サービスシーンも強弱合わせて色々な弾を用意してまして、

「……花咲」
「……なんだ?」
「あの……」
「ああ」
「その……だ」
「……?」
そこで地蔵さんは真っ赤になって目をつぶり、絞り出すように言った。
「…………なっなにもしないのか?」

ほら、確実にこれは実弾入ってますよ。訓練ではないですよ実戦ですよ。
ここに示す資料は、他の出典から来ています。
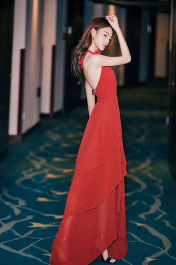 同样的一身红裙的她看起来就像是华中走出来的仙子一样,露背设计性感迷人,精致小巧,配上一双高跟鞋,十分性感,独特的裙身设计也让她拉长了身材比例,看着腿长一米八的感觉,自然流畅的线条十分和谐!
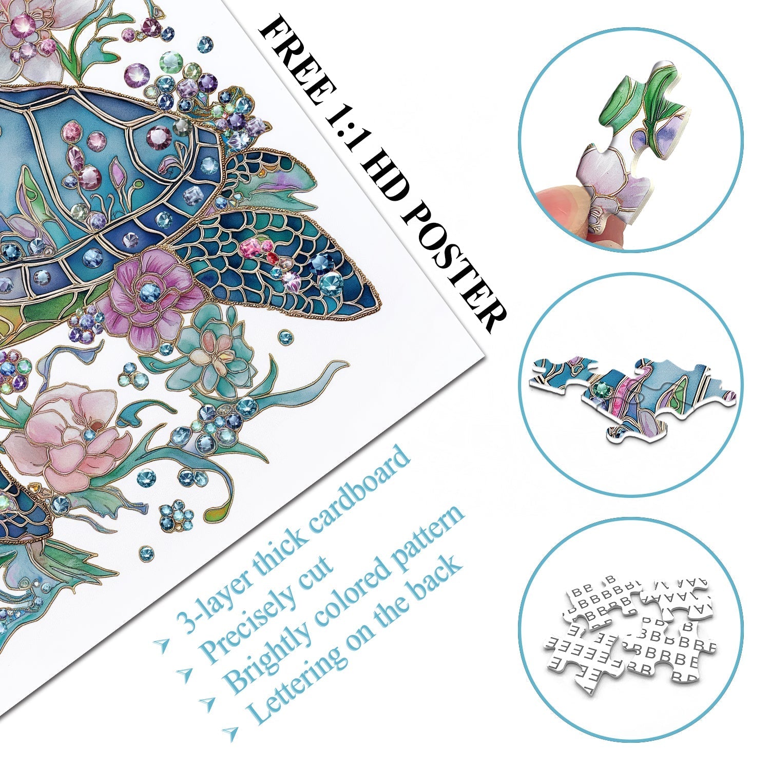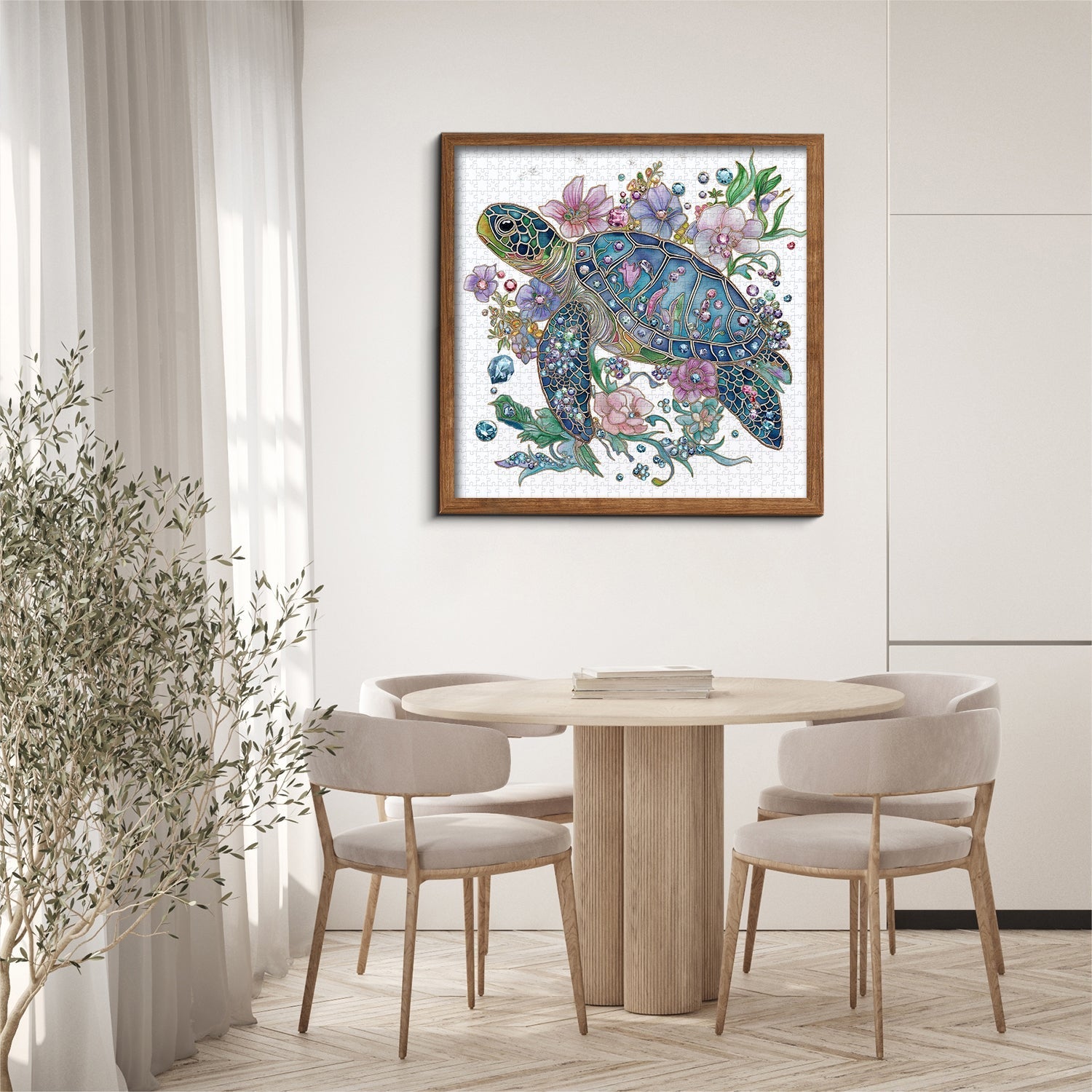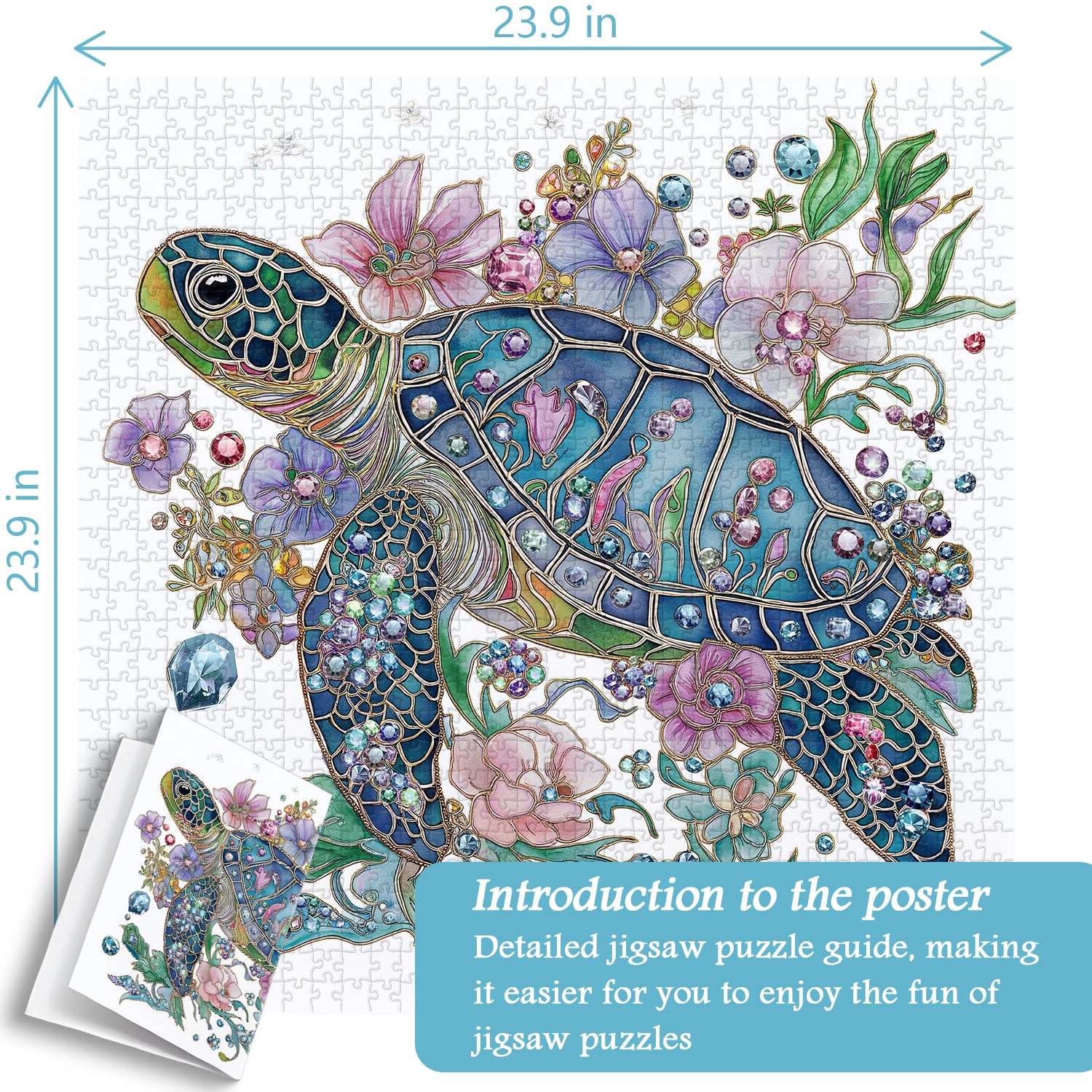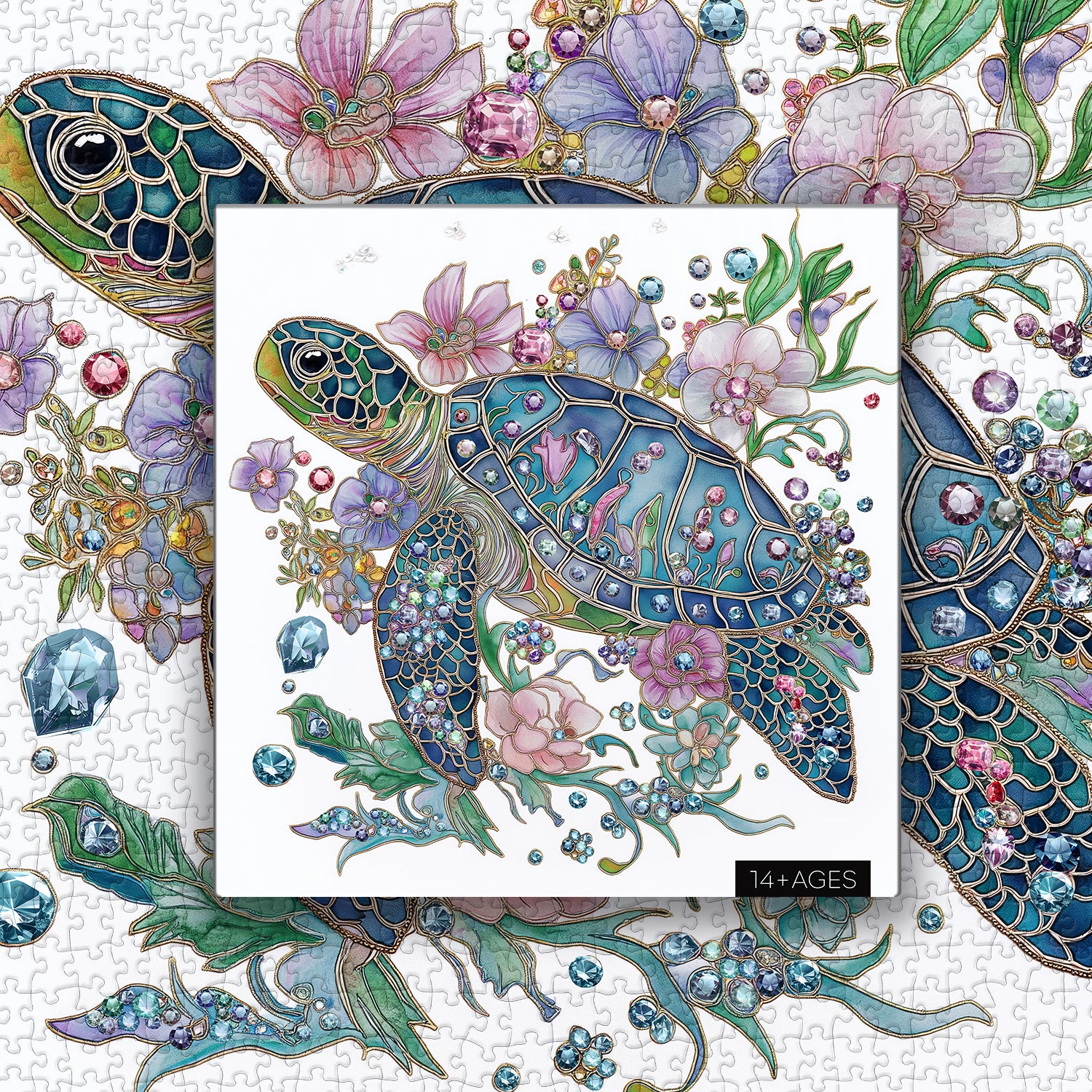 A Mesmerizing Ocean Jewel:Â Dive into a magical underwater world with the Shining Turtle Jigsaw Puzzle. This beautiful design features a sparkling blue-green turtle, its shell adorned with delicate, gemstone-crafted flowers that shimmer like treasures from the deep sea.
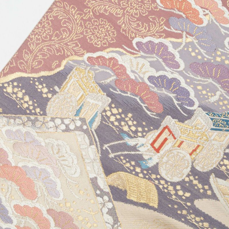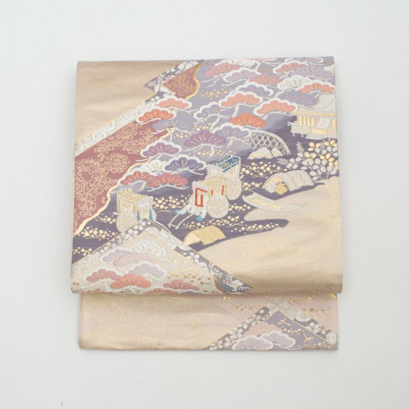 御所車や御簾、楼閣、松に霞など、雅な王朝世界を描いた御所解き文様の袋帯です。
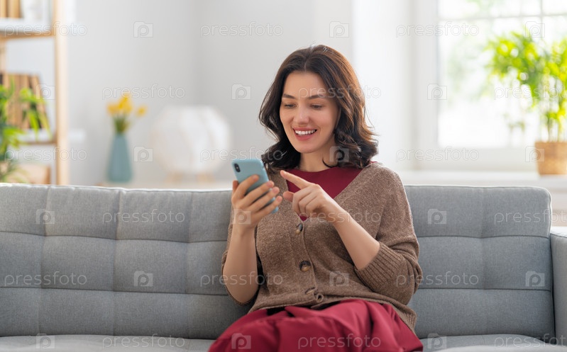 Женщина пользуется телефоном, сидя на диване
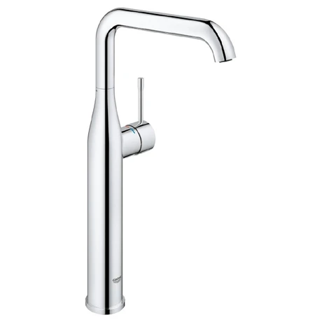 Elegant and ultra-modern, the Grohe Essence Basin Mixer works well with freestanding basins. Its single tap hole mixer design means you can adjust water temperature with ease, and the lever handle is fitted with a Grohe SilkMove® cartridge for smooth and precise turning. Grohe’s EcoJoyâ„¢ technology is also included, cutting water use by almost half without compromising flow. The polished chrome on this extra high spout makes for a striking finish.
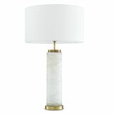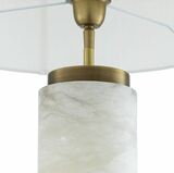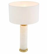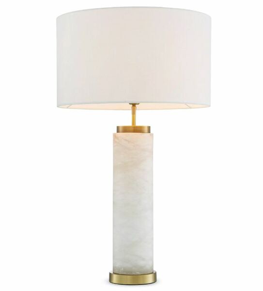 Το επιτραπέζιο φωτιστικό Lxry αποπνέει κομψότητα. Αυτό το υπέροχο φωτιστικό έχει κυλινδρικό σώμα από αλάβαστρο και βάση και υποδοχή με φινίρισμα από ορείχαλκο. Ολοκληρώνεται με εκρού απόχρωση για να ταιριάζει σε όλα τα ντεκόρ. Ιδανικό για διαδρόμους, σαλόνια, τραπεζαρίες, υπνοδωμάτια και άλλους χώρους.
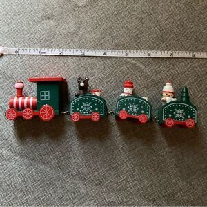New! Wood toy train. Still in box. Colorful Christmas train with little figures. Approximately 9" long. Would make a great Christmas decoration gift. Bundle to get 30% off.
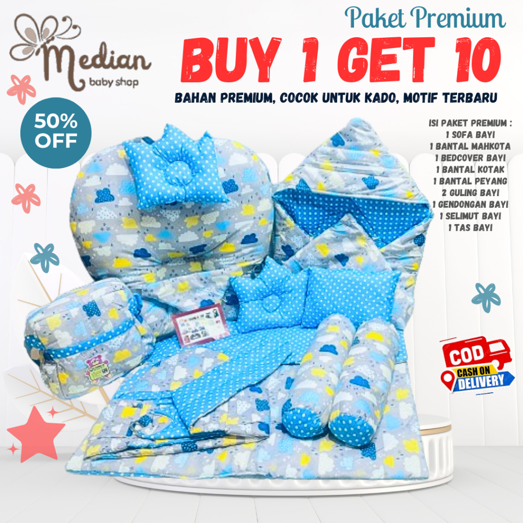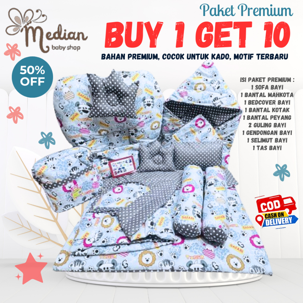 PAKET PREMIUM BUY 1 GET 10 SOFA BAYI/ BEDCOVER/ MATRAS BAYI/ SELIMU TOPI/ GENDONGAN SAMPING/TAS BAYI

殺りにきているというかヤリにきているというかヤラレにきているというか、もう私なんて言ったらいいか分かりません!だっ誰ですかこんな人間にライトノベル書かせたのは! この作品が少年兵と遭遇したら生還率1割切りますよ!? 全滅ですよ!? よく訓練された特殊部隊だってブラックホーク・ダウンですよ!?
ここはソマリアか!

総合

わかんねえけど星5つつけてしまおうか・・・。
何かこの作品に5つ星をつけるのはある種の敗北感を感じるのですが、いくら古参兵(妻帯者)の私とはいえ無傷では済まされない作品ですからして、もう仕方がないかも知れません。オオカミさんシリーズ本編でもかなりえげつない手を使ってくる作者ですが、今回は一点突破できているぶん破壊力が凄いです。これは文字の形をとった暴力と違うか?
という感じで童貞の皆さんは率先して読むと良いんじゃないかな。死ぬけど。難しいこと考えることなく彼女のいない清い体の少年は読むと良いんじゃないかな。死ぬけど。うなじ氏のイラストに釣られてモテない若者は読むと良いんじゃないかな。死ぬけど。
というか10日発売の電撃文庫の感想を月末近いこの時期に書いても、既に死屍累々という気がしますけど。どう? 死んだ?